▶ EXERCISE GOAL:
Below are records with pictures; copy word for word only the lines between the line with "Bakı Fond Birjası" and the line with "Fustă lungă plisată", inclusive, and drop the pictures.

▶ SUPPLIED RECORDS:
══════════
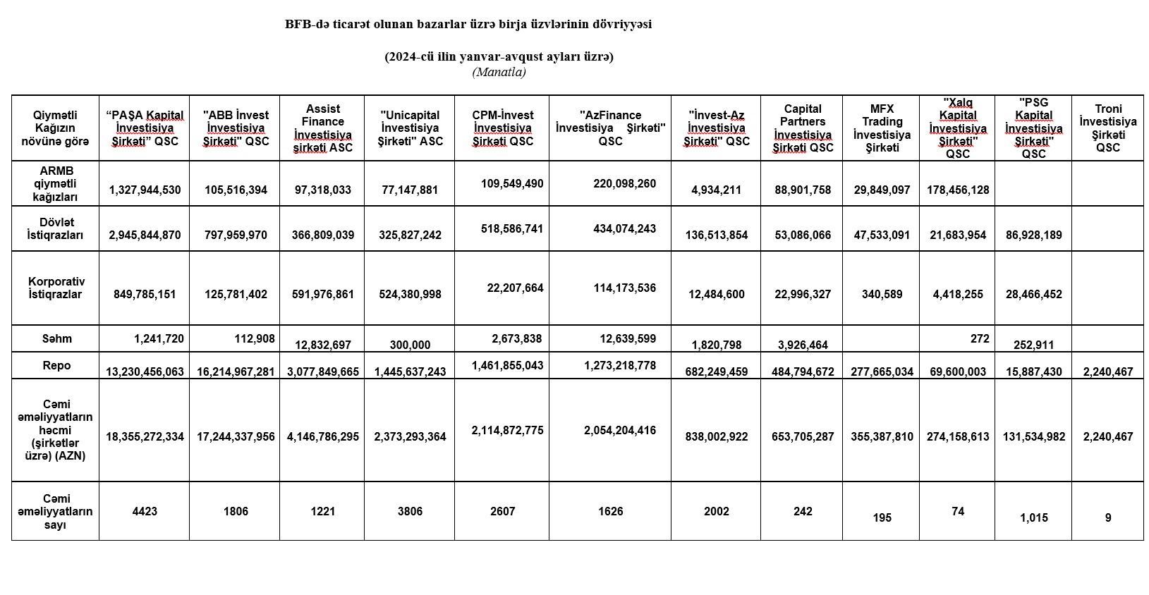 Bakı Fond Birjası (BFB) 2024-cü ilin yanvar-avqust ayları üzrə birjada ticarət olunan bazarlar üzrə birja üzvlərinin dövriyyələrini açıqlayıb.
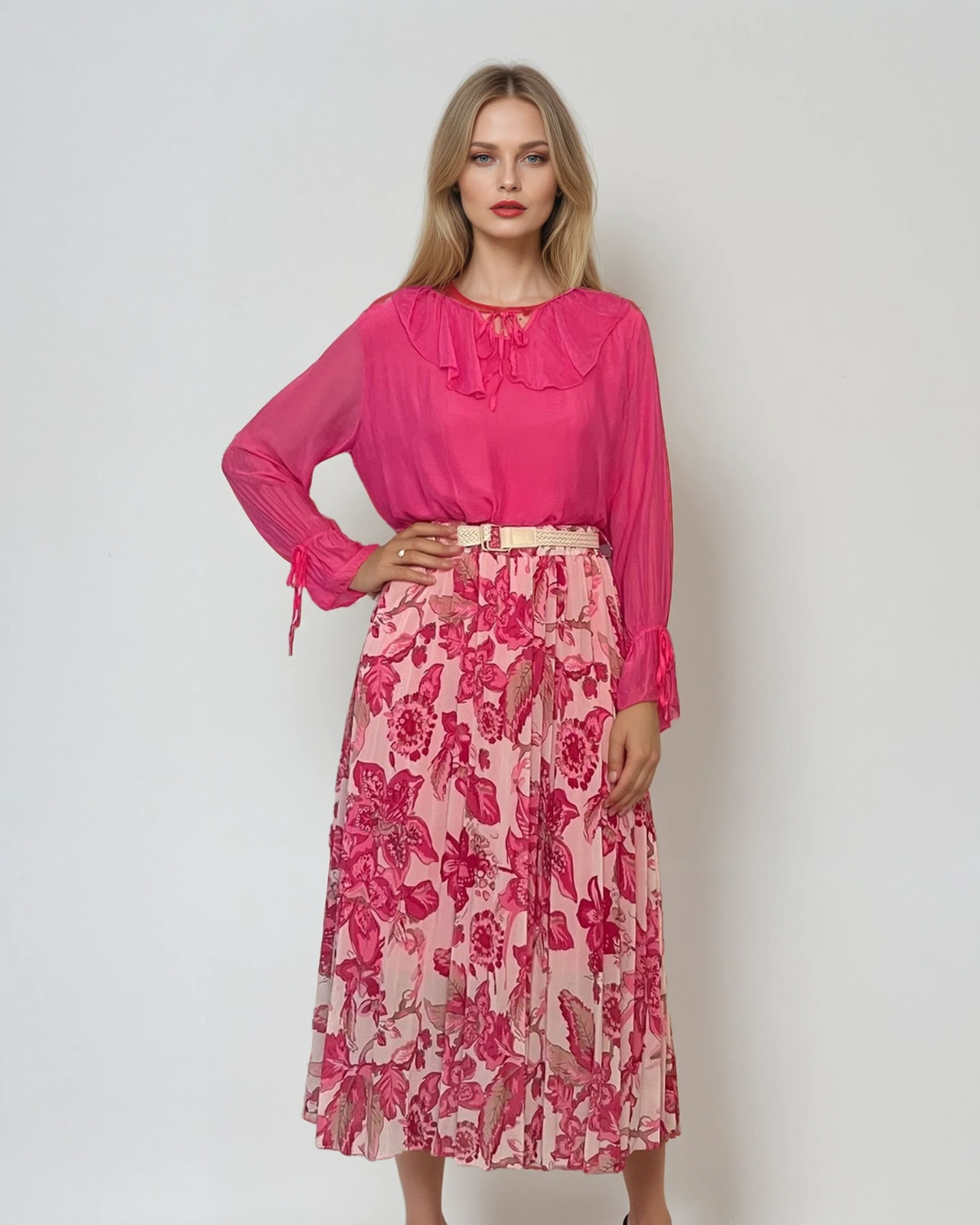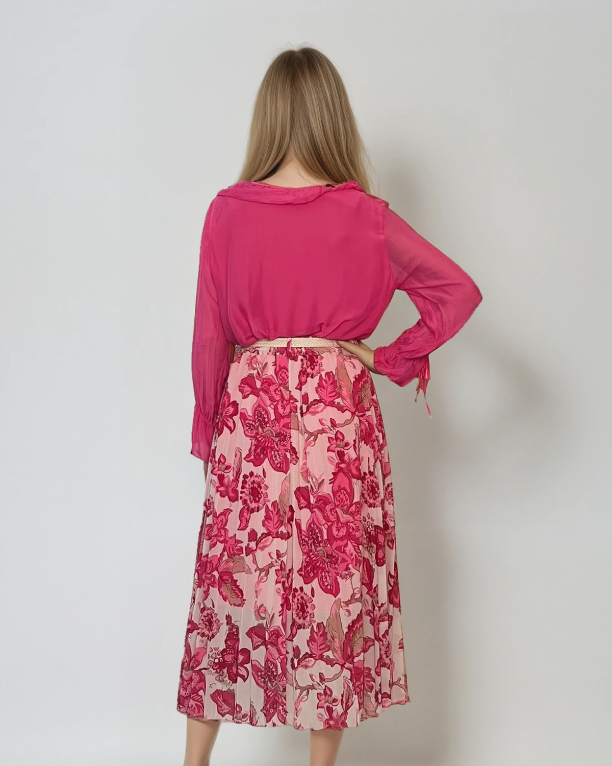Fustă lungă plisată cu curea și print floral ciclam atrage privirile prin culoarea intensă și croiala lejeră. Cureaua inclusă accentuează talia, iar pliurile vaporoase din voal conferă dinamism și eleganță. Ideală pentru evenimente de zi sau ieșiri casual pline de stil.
══════════
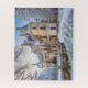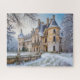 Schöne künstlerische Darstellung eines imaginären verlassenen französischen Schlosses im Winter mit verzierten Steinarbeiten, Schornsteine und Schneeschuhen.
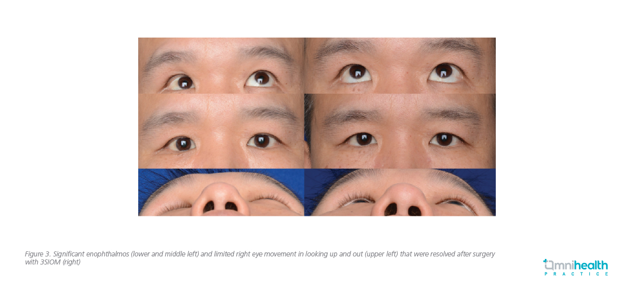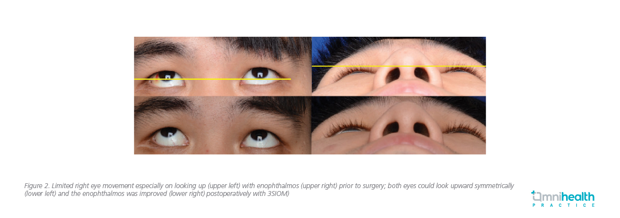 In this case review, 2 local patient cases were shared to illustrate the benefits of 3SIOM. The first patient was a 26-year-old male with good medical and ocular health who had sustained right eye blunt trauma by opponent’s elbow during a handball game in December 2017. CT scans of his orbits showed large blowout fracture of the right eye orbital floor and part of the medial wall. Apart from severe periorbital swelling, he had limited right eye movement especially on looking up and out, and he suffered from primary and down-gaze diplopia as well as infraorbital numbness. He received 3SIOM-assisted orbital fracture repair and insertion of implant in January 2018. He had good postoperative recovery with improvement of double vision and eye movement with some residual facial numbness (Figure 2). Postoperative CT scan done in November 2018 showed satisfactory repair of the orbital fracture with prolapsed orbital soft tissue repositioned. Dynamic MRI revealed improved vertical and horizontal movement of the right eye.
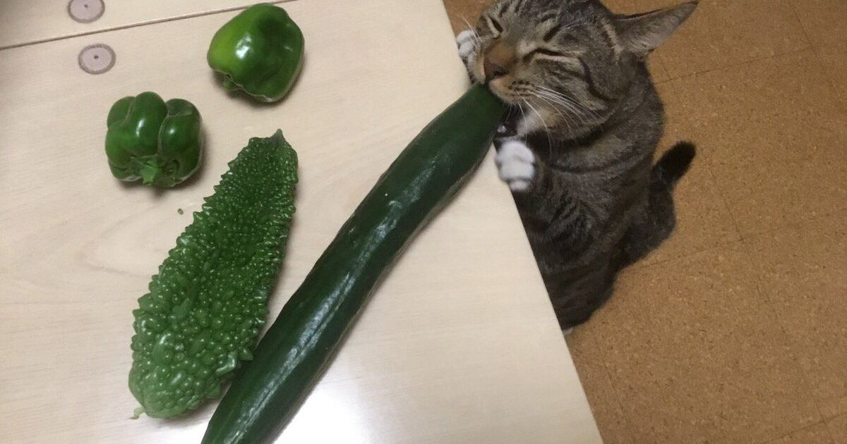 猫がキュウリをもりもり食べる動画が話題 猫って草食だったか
══════════
▶ ANSWER BELOW:
 Bakı Fond Birjası (BFB) 2024-cü ilin yanvar-avqust ayları üzrə birjada ticarət olunan bazarlar üzrə birja üzvlərinin dövriyyələrini açıqlayıb.
Fustă lungă plisată cu curea și print floral ciclam atrage privirile prin culoarea intensă și croiala lejeră. Cureaua inclusă accentuează talia, iar pliurile vaporoase din voal conferă dinamism și eleganță. Ideală pentru evenimente de zi sau ieșiri casual pline de stil.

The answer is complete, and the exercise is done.